**Task prompt:**
Transcribe the full listing below, word for word, without pictures.

**Data:**
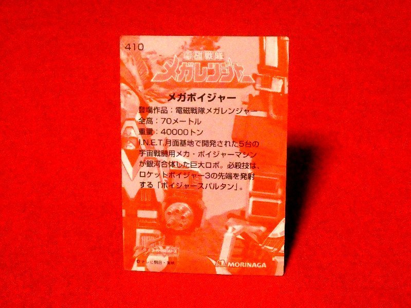 スーパー戦隊シリーズ 森永 25  電磁戦隊メガレンジャー TradingCard キラカードトレカ メガボジャー 410です。
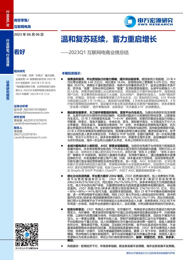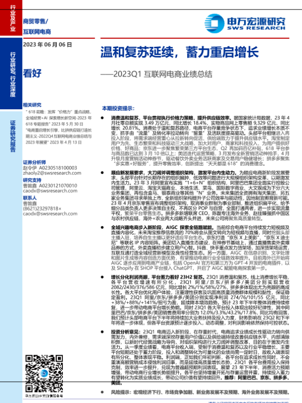 【申万宏源】【20230606】2023Q1互联网电商行业业绩总结:温和复苏延续,蓄力重启增长-29页
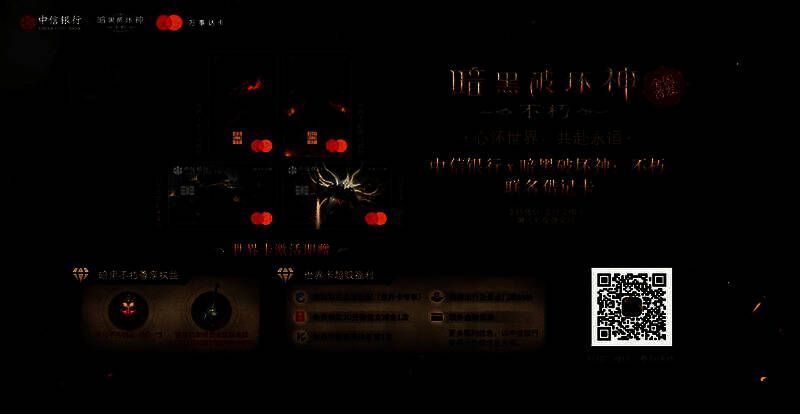 永恒超燃,尊享权益!《暗黑破坏神:不朽》×中信银行联名,中信银行和万事达全国首家发布的双币借记卡现已正式开启办理。11月11日前预约过世界卡的玩家,即日起前往指定网点即可开卡并激活。今日8:30-23:59开卡并激活暗黑联名世界卡的持卡人还有机会参加抽奖活动,抽取《魔兽世界》联动双形态传奇时装【背叛者之罪】(限50份),化身伊利丹!而未参加预约的玩家,于今日8:30-23:59办理并激活暗黑联名白金卡,同样可以参与抽奖,抽取《魔兽世界》联动典藏版灰烬使者武器皮肤(限50份)。其他日期开卡并激活联名卡的持卡人,则会获得一次抽取十连强化不朽钥石(限500份)的机会。

**Solution below:**
 スーパー戦隊シリーズ 森永 25  電磁戦隊メガレンジャー TradingCard キラカードトレカ メガボジャー 410です。
 【申万宏源】【20230606】2023Q1互联网电商行业业绩总结:温和复苏延续,蓄力重启增长-29页
 永恒超燃,尊享权益!《暗黑破坏神:不朽》×中信银行联名,中信银行和万事达全国首家发布的双币借记卡现已正式开启办理。11月11日前预约过世界卡的玩家,即日起前往指定网点即可开卡并激活。今日8:30-23:59开卡并激活暗黑联名世界卡的持卡人还有机会参加抽奖活动,抽取《魔兽世界》联动双形态传奇时装【背叛者之罪】(限50份),化身伊利丹!而未参加预约的玩家,于今日8:30-23:59办理并激活暗黑联名白金卡,同样可以参与抽奖,抽取《魔兽世界》联动典藏版灰烬使者武器皮肤(限50份)。其他日期开卡并激活联名卡的持卡人,则会获得一次抽取十连强化不朽钥石(限500份)的机会。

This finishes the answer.